When the mullahs’ regime achieved 20 percent enrichment before the start of negotiations that would lead to the Joint Comprehensive Plan of Action, it was widely reported that this put the regime only a short technical step away from the 90 percent purity that would be necessary for the construction of a nuclear weapon. With the advent of 60 percent, that step has become substantially shorter, now there is more reason that the agreement never actually reduced the regime’s “breakout time” to the extent it was supposed to.

This argument was already in full force soon after Tehran began systematically and publicly violating the deal. To a great extent, those violations took place more quickly than should have been possible if the JCPOA had truly impeded the progress of Tehran’s nuclear development. Iranian state media provided a partial explanation of that situation when it published interviews with Ali Akbar Salehi, the head of the Atomic Energy Organization of Iran, in which he blatantly admitted the regime had deceived fellow signatories and the UN’s nuclear monitors by feigning compliance with restrictions on uranium enrichment and plutonium production.

Mahmoud Alavi, the head of the regime’s Ministry of Intelligence, underscored the significance of these deceptions in February when he pointed publicly contemplated the possibility of Tehran actively pursuing a nuclear weapon, then attempted to present that outcome as something the regime might be “pushed” into by foreign pressures. The remarks laid bare the regime’s strategy of nuclear blackmail or using the threat of nuclear armament as a basis for demanding more extensive financial and diplomatic concessions from negotiating partners. This was the regime’s starting point when discussions began in Iran, and the regime has shown no willingness to move from that position ever since.

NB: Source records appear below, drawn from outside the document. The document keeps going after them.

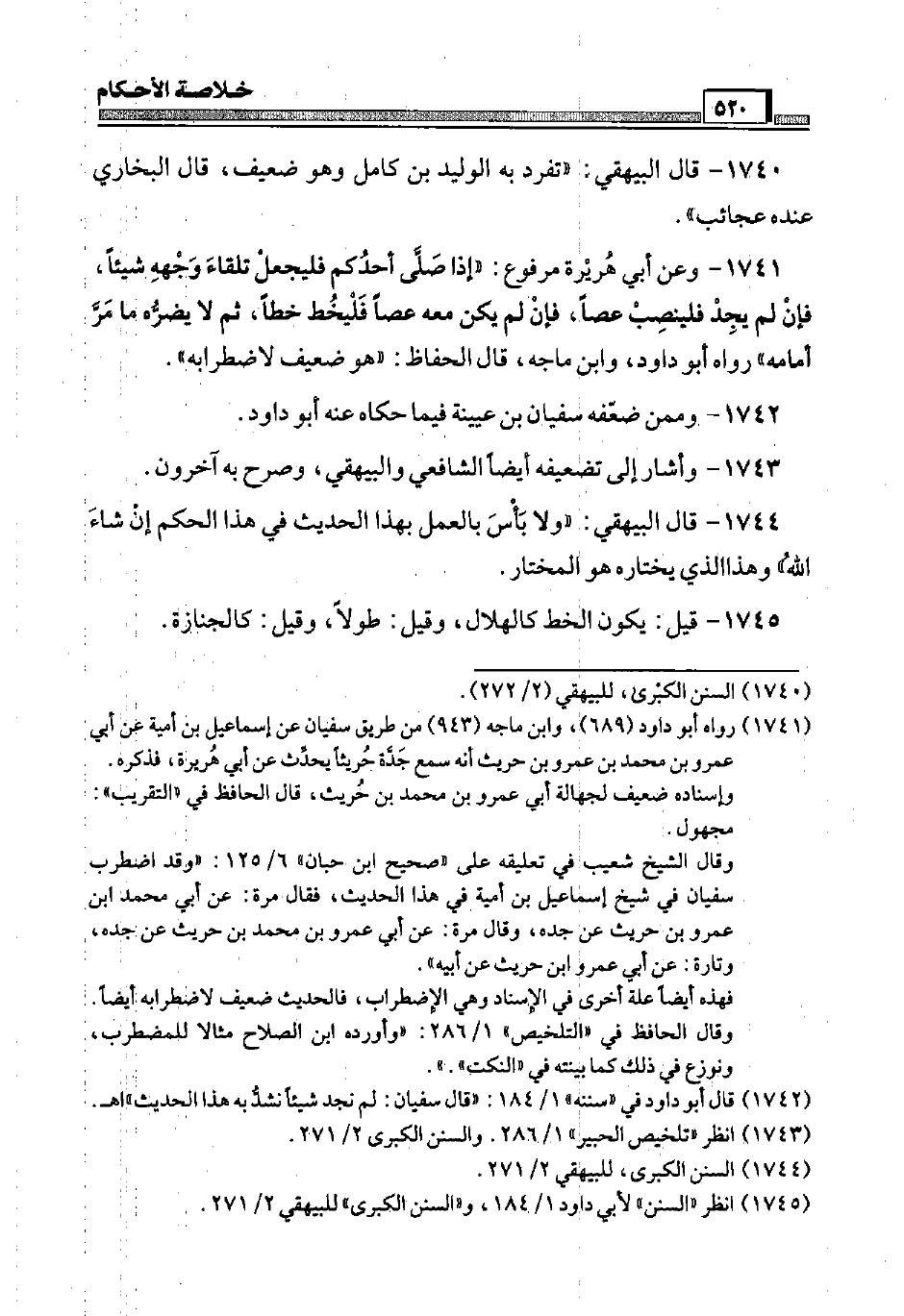 1741 - وَعَن أبي هُرَيْرَة مَرْفُوع: " إِذا صَلَّى أحدكُم فليجعل تِلْقَاء وَجهه شَيْئا، فَإِن لم يجد فلينصب عَصا، فَإِن لم يكن مَعَه عَصا فليخط خطا، ثمَّ لَا يضرّهُ مَا مر أَمَامه " رَوَاهُ أَبُو دَاوُد، وَابْن ماجة، قَالَ الْحفاظ: " هُوَ ضَعِيف لاضطرابه ".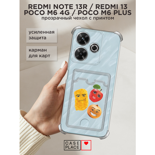 Чехол на Xiaomi Redmi Note 13R/Redmi 13/Poco M6 4G/M6 Plus (Сяоми Редми Ноут 13R/Редми 13/Поко М6 4G/M6 Плюс) с картой и принтом Овощи с лицами из ТикТока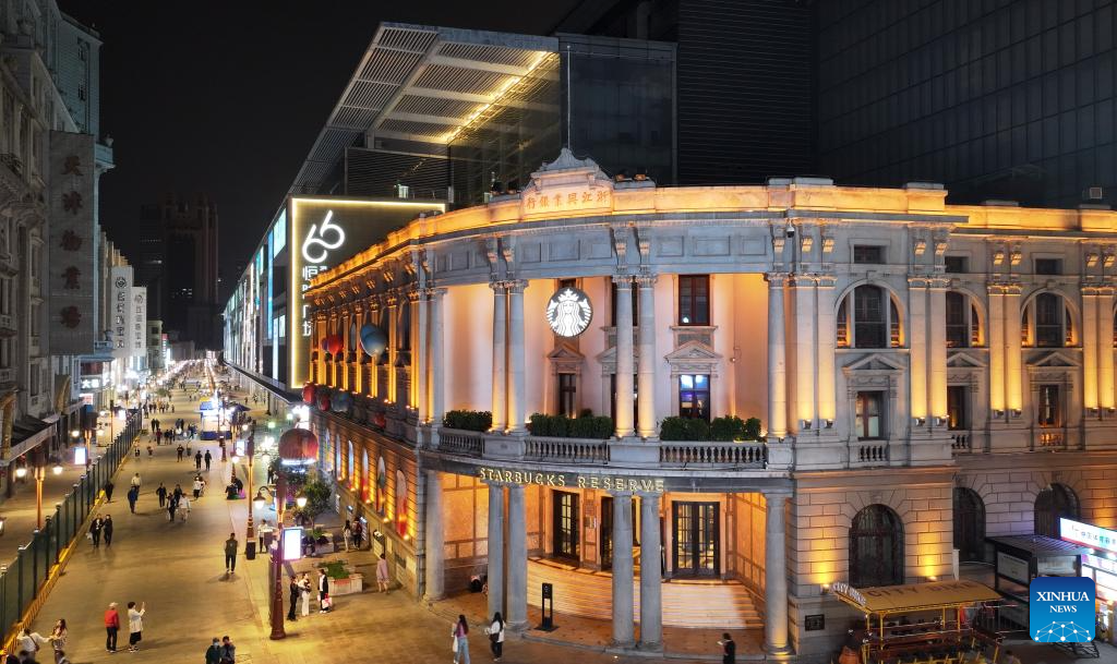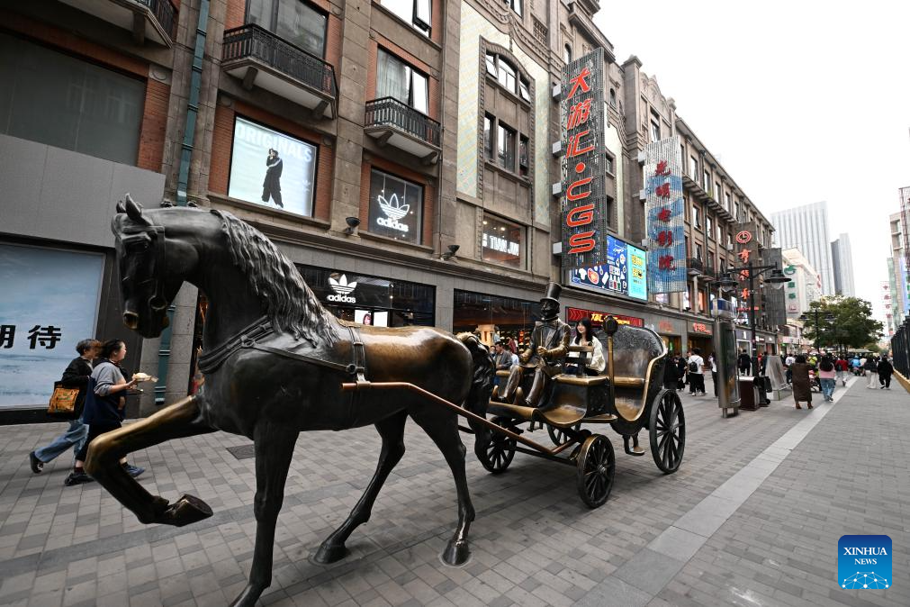 People visit the Golden Street commercial area in north China's Tianjin, Oct. 16, 2024. (Xinhua/Zhao Zishuo)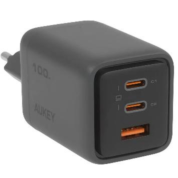 Aukey PA-C5 — более компактный, но не менее универсальный вариант. Здесь три порта (два USB-C и один USB-A) и поддержка быстрой зарядки до 100 Вт при максимальном напряжении до 21 В. Этого вполне хватает для современных ультрабуков.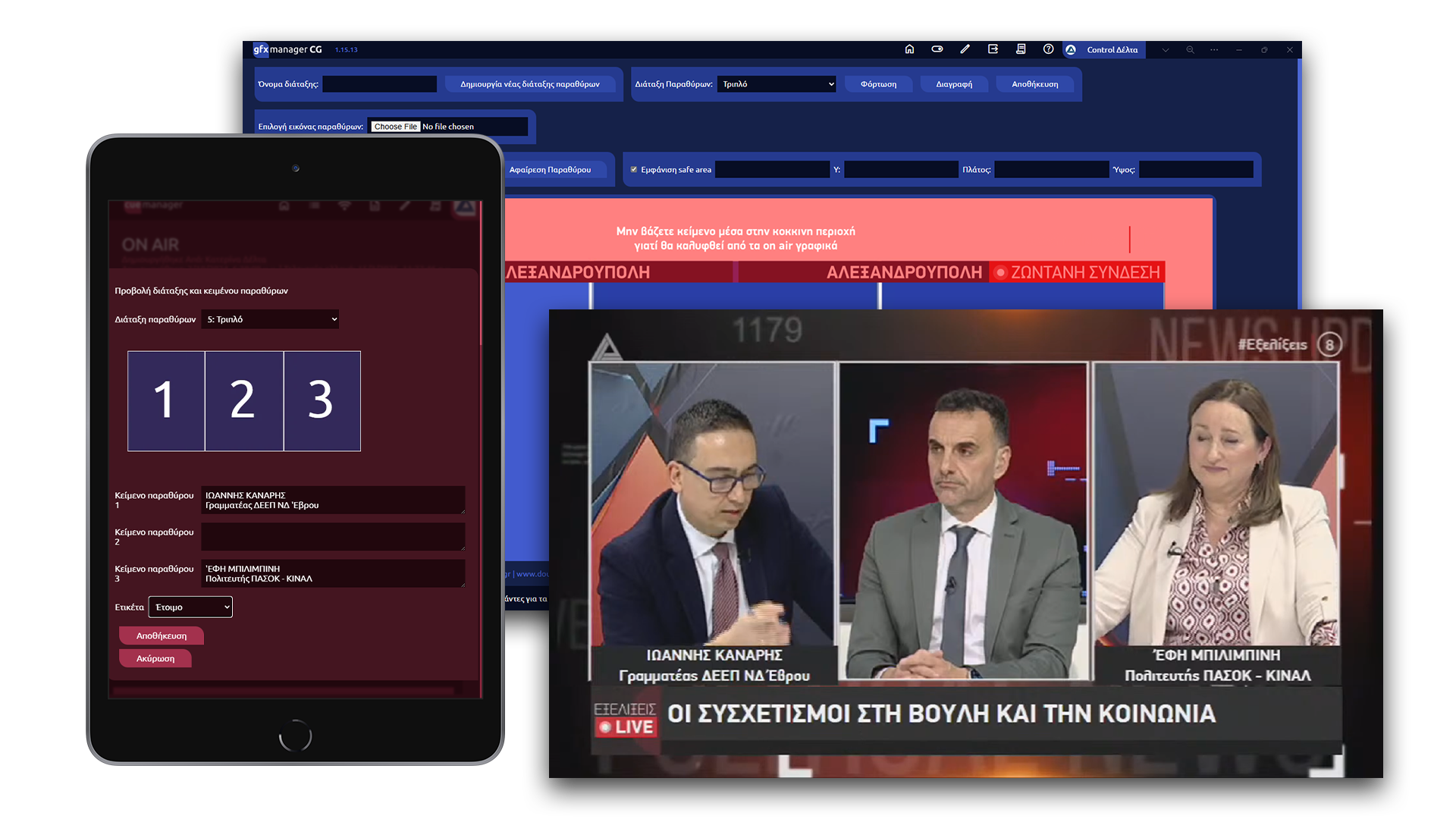 Ανακαλύψτε τις καινοτόμες εφαρμογές μας που σχεδιάστηκαν για να ενισχύσουν την εμπειρία σας στη δημιουργία γραφικών. Οι λύσεις μας επιτρέπουν τη δημιουργία καθημερινών γραφικών για ζωντανές εκπομπές, ενώ παράλληλα προσφέρουν εξειδικευμένες δυνατότητες, όπως η προβολή εκλογικών αποτελεσμάτων για τις ελληνικές εκλογές και πλήρης αυτοματισμό γραφικών και συσκευών τηλεοπτικής παραγωγής.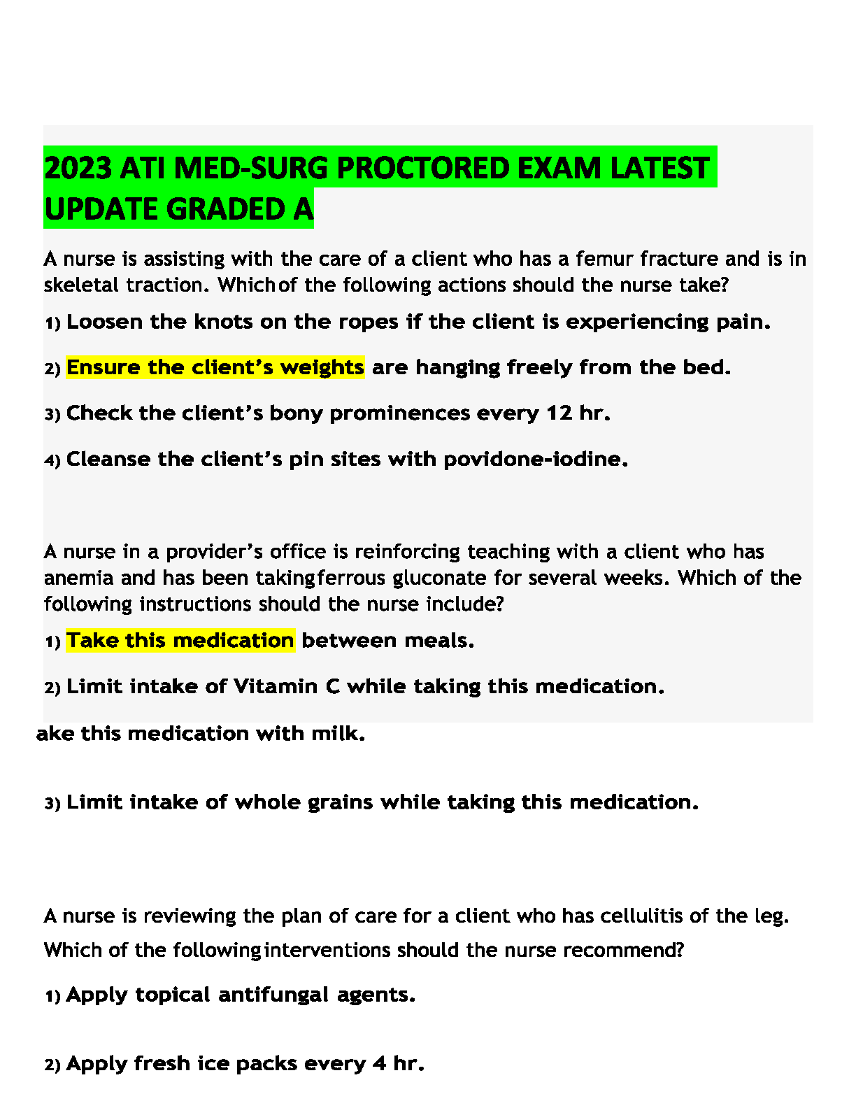 ATI Med-Surg Proctored Exam 2023 Test Bank: Verified Questions & Answers for 2025/2026 Success [Graded A]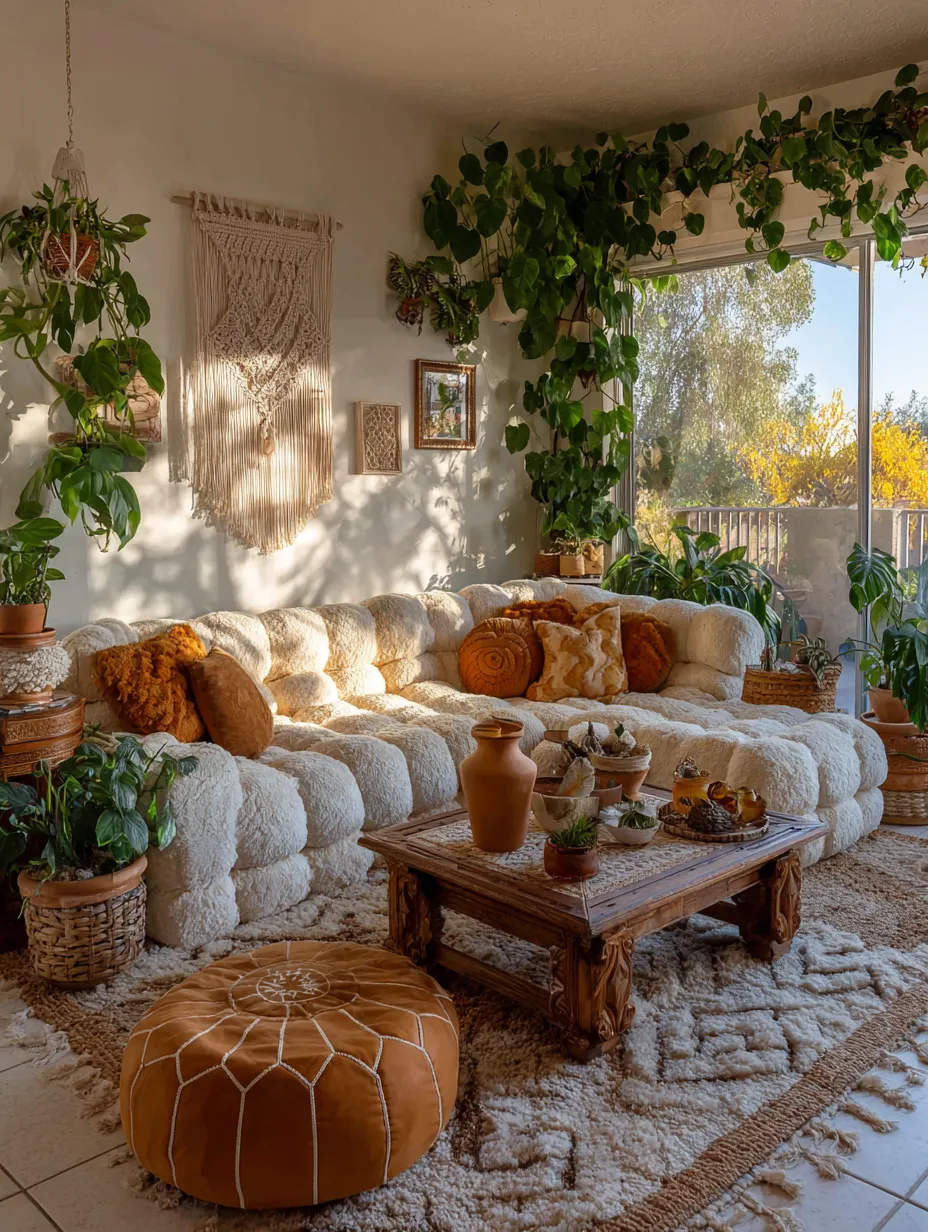 Boho Meets Earth: Natural Elements for a Cozy Living Room 🪴
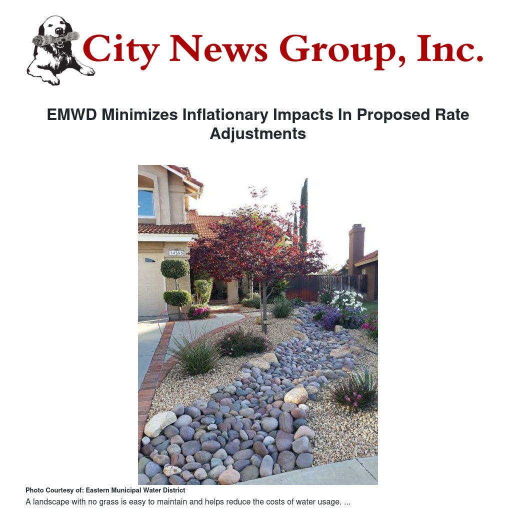 EMWD Minimizes Inflationary Impacts In Proposed Rate Adjustments by Alex Turner - City News Group, Inc.

Leading regime officials have explicitly and repeatedly demanded that the US lift all sanctions at once before Tehran takes one step back toward compliance with the terms of the JCPOA. This should have been a non-starter for the agreement’s European participants, but unfortunately, their actions in Vienna support the notion that they are primarily obsessed with restoring the status quo, and are prepared to continue pressuring the White House to adopt concessions that lead to that outcome.

There are grave concerns that European pressure could prevail, leading to the regime facing no consequences for its systematic violations or for its implicit and explicit threats of nuclear blackmail.

This is troubling enough on its own, but what is much worse is the fact that if the regime isn’t swayed from its position in the Vienna negotiations, then it will effectively be getting away with a range of other malign activities, as well. Since the JCPOA went into effect, the regime has been escalating its hostage-taking and repression of dissent, has committed some of its worst human rights violations in many years, and has attempted to carry out terrorist attacks on European soil.

A number of these incidents were highlighted in H. Res. 118, in support of the declaration that US policy should “hold Iran accountable for breaching diplomatic privileges,” “stand with the people of Iran,” and “recognizes the rights of the Iranian people and their struggle to establish a democratic, secular, and nonnuclear Republic of Iran.”

In the wake of many provocative nuclear activities, it becomes clear that the latter goal cannot be attained under the existing regime.

In November 2019, the regime cracked down on a nationwide uprising by killing 1,500 peaceful protesters, and in February 2021, four of the regime’s operatives were found guilty of attempting to set off explosives at the NCRI’s annual gathering in France – a plot that could have killed hundreds, including American and European citizens and political dignitaries. These and other incidents have, by all accounts, gone unmentioned at the Vienna talks. But it is naïve to think that matters of terrorism and human rights can be fully separated from Iran’s nuclear provocations when all of these stem from the same belligerent ideology.

The JCPOA’s European signatories should increase pressure on the regime to curb its malign activities. They should live up to their own claims of being human rights defenders by making it clear that the nuclear agreement cannot lead Tehran to adopt a greater sense of impunity in other areas of its policy and behavior.